---------- Exercise material
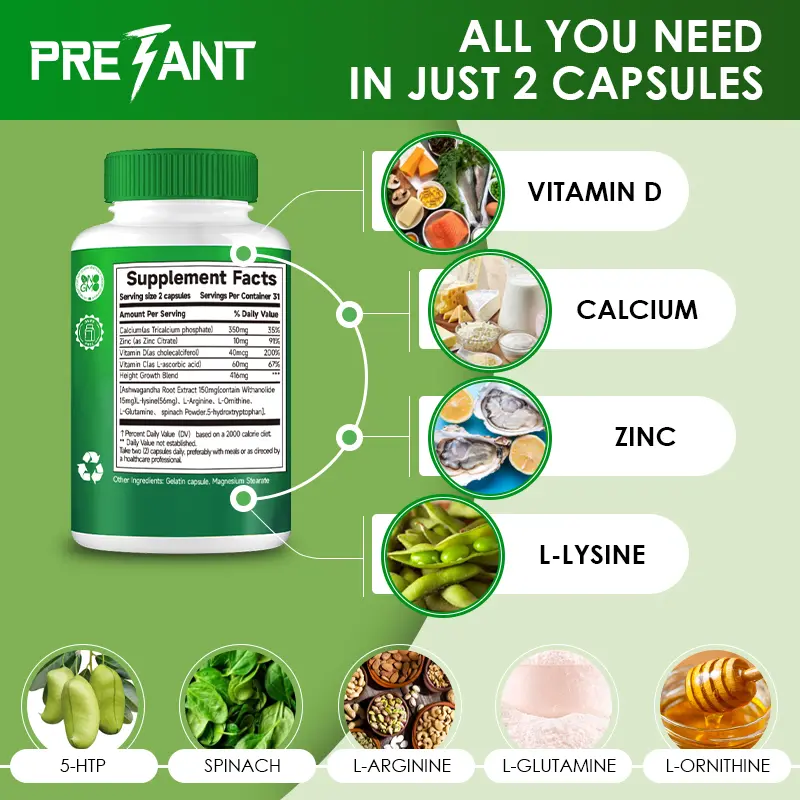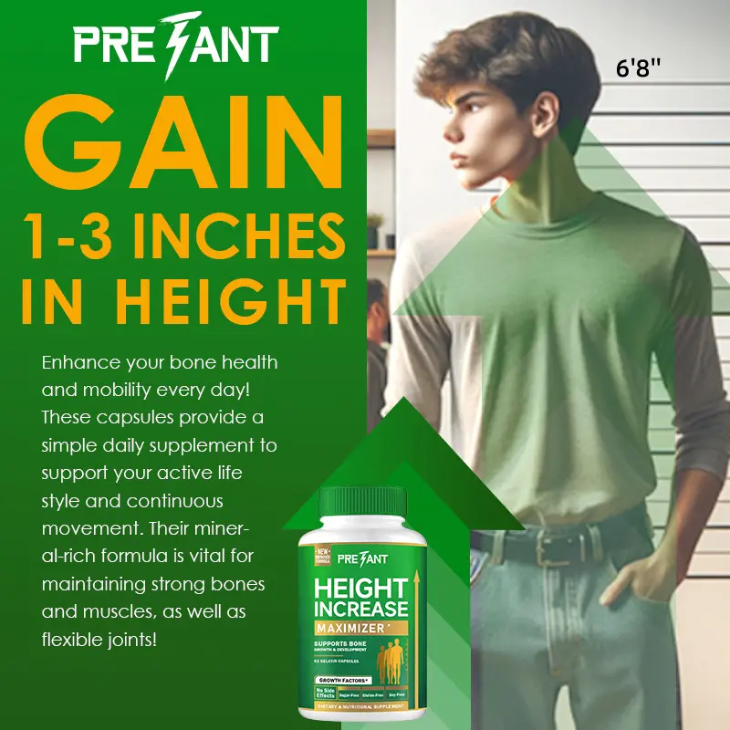 Reach Your Dream Height – Our formula with Calcium and Vitamin D promotes natural bone growth. Vitamin D is essential for strong bones and muscle, aiding calcium absorption, while Calcium accelerates bone growth. Just 1-2 capsules daily can boost height and strengthen bones.
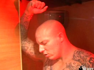 Chris Hacker is fishing some mouth trough the glory hole!
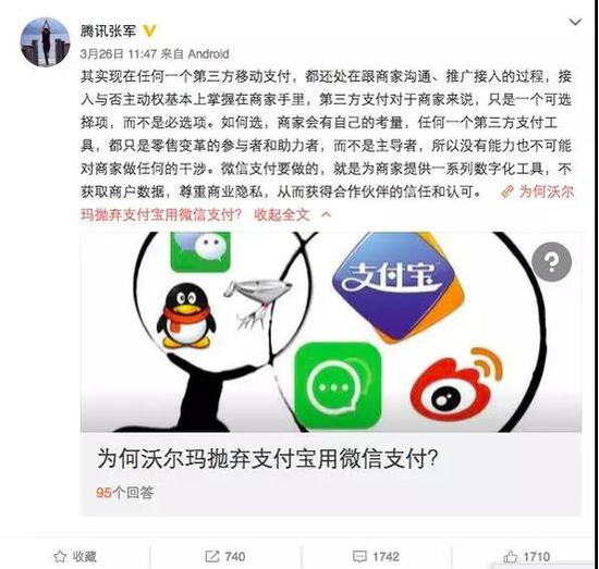 对于此事,腾讯公关总监张军在微博上回应此事:其实现在任何一个第三方移动支付,都还处在跟商家沟通、推广接入的过程,接入与否主动权基本上掌握在商家手里。第三方支付对于商家来说,只是一个可选择项,而不是必选项。如何选,商家会有自己的考量,任何一个第三方支付工具,都只是零售变革的参与者和助力者,而不是主导者,所以没有能力也不可能对商家做任何的干涉。
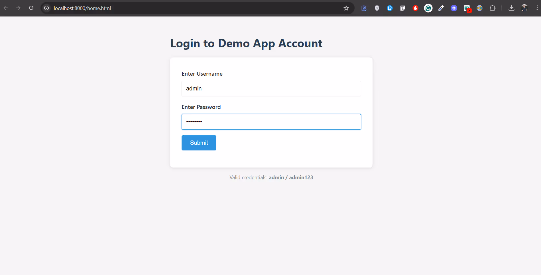 python serve_app.pyFinally, your page will be live at http://localhost:8000, displaying a login form with valid credentials.
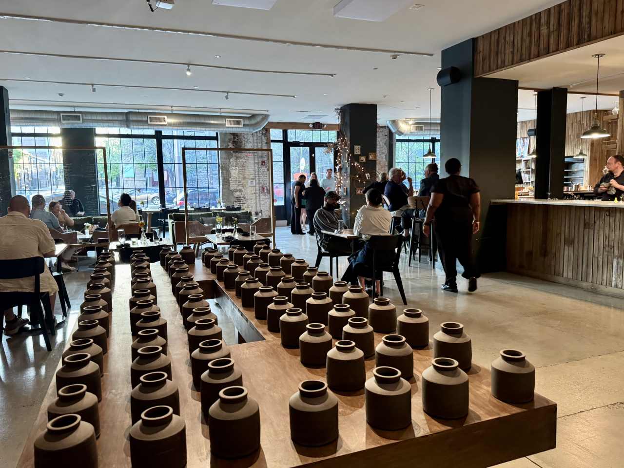 "Honeysuckle in Spring Garden blends sleek and sophisticated with decadence and comfort, like the $65 burger decked out in gold flakes, truffle, and caviar. Unlike their old West Philly digs, this version has lots of seating. But it still has personal touches like an MF Doom action figure above the bar, and you'll hear soul music that will make you think you stumbled into your aunt's house. Everyone's diving into bowls of Afrocentric dishes like ramp-wrapped red drum with scallop foam, spaghetti with crawfish tossed in a savory, umami-rich West African XO sauce, and other plates topped with produce from their Bucks County farm. Keep in mind that for now, service tends to run long (we're talking a slow marathon rather than a sprint). But you should still make a reservation ASAP. We rebooked immediately after our last drop of citrusy champagne water ice. video credit: CANDIS R. MCLEAN photo credit: CANDIS R. MCLEAN photo credit: CANDIS R. MCLEAN photo credit: CANDIS R. MCLEAN photo credit: CANDIS R. MCLEAN Pause Unmute" - Candis R. McLean
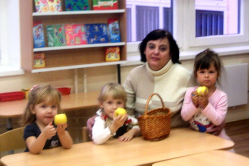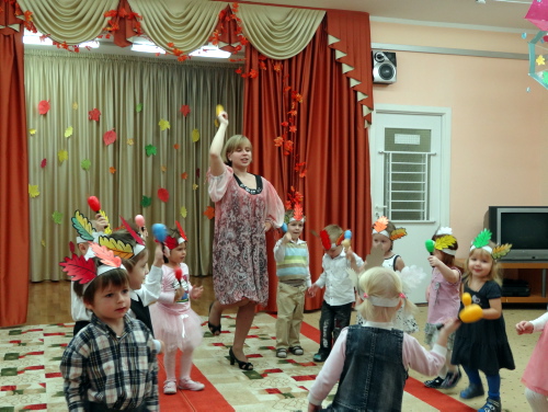 24 октября в Музыкальном зале Детского сада № 399 прошел осенний музыкальный праздник «Осенние топотушки – в гостях у Петрушки». Ребята выступали для гостей – пап, мам, бабушек и дедушек – пели, плясали. Выступали они не одни: в этот раз им на помощь пришли друзья: Петрушка, Медвежонок-сладкоежка и Зайчик –трусишка.![]() Юные артисты очень волновались. ![]() «Здравствуйте, ладошки, хлоп-хлоп-хлоп! Здравствуйте, ножки, топ-топ-топ!....»: так мы приветствовали наших гостей. ![]() ![]() Ну какая осень без листопада, Ну какой праздник осени без танцев с осенними листьями. ![]() ![]() Покачайся надо мной мой листочку золотой Листики дубовые, листики кленовые! ![]() Мы за листиком сидим, из-за листика глядим. Листики дубовые, листики кленовые! ![]() Вдруг Веселый ветерок хочет вырвать мой листок! Листики дубовые, листики кленовые! Мы листочек не дадим, пригодится нам самим! Листики дубовые, листики кленовые! ![]() А потом в нашем исполнении звучала песенка «Кап-кап – на дорожки» или «Осень наступила». ![]() Петрушка и Мишка помогали нам и петь и танцевать. ![]() ![]() Вот так мы играли, пели, а тут закапал дождик, самый настоящий. ![]() ![]() ![]() Перед тем, как попрощаться с гостями, Петрушкой и мишкой мы станцевали и спели им про Погремушку. ![]() ![]() Ниши песенки и танцы так понравились Петрушке и Мишке, что он подарил нам целую корзину яблок. ![]() ![]() Попрощавшись с родителями, мы пошли есть яблочки в группу. ![]() ![]() | |
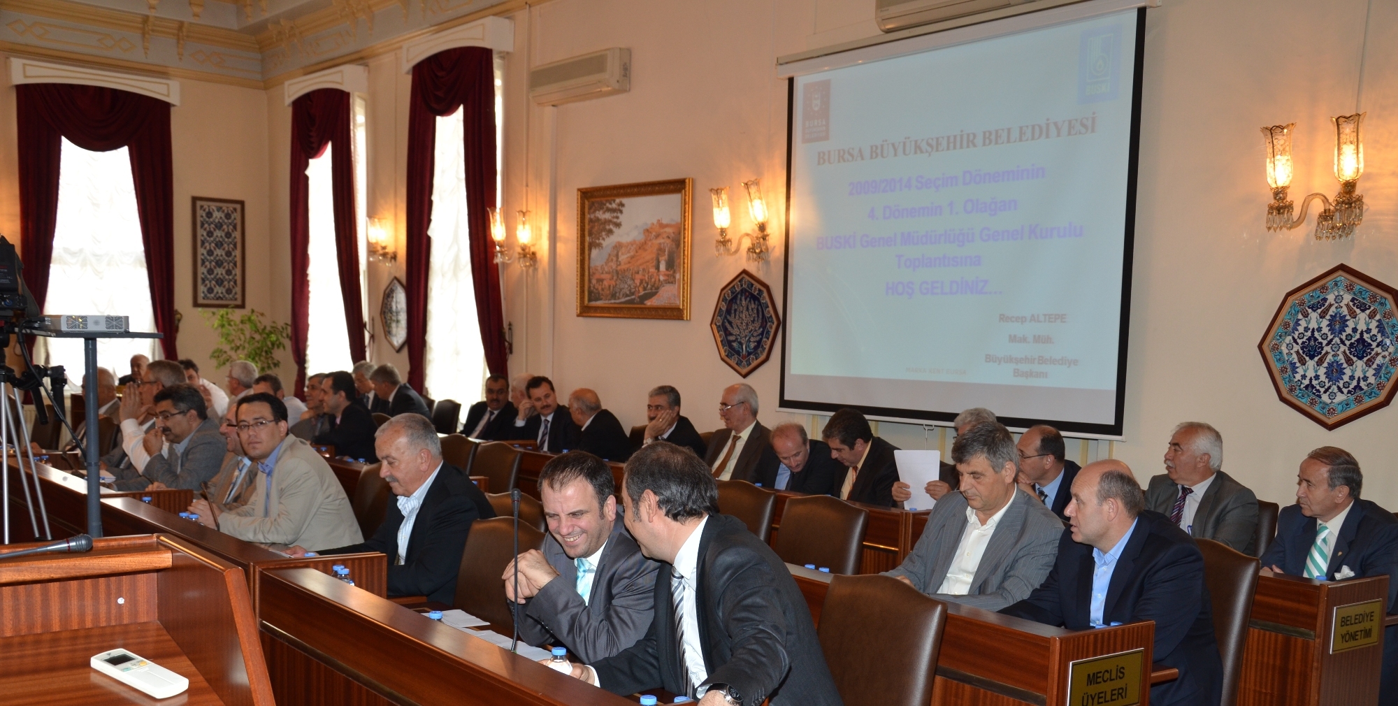 BUSKİ genel kurul toplantısı, Büyükşehir Belediye Başkanı Recep Altepe’nin başkanlığında tarihi belediye binası meclis salonunda gerçekleştirildi. Büyükşehir Belediyesi meclis üyelerinin yanı sıra BUSKİ Genel Müdürü İsmail Hakkı Çetinavcı, Genel Müdür yardımcıları İsmail Yılmaz, Güngör Gülenç ve Talat Özen ile daire başkanları ve BUSKİ üst düzey yöneticilerinin de katıldığı toplantıda, 2011 mali yılına ait faaliyet raporu ile bilanço ve denetçiler raporu görüşüldü.
--------------------
__Exercise objective__:
What is needed is the exact run of lines from the start of the data through the line with "Chris Hacker is", both ends included, minus the pictures.

__Exercise solution__:
 Reach Your Dream Height – Our formula with Calcium and Vitamin D promotes natural bone growth. Vitamin D is essential for strong bones and muscle, aiding calcium absorption, while Calcium accelerates bone growth. Just 1-2 capsules daily can boost height and strengthen bones.
 Chris Hacker is fishing some mouth trough the glory hole!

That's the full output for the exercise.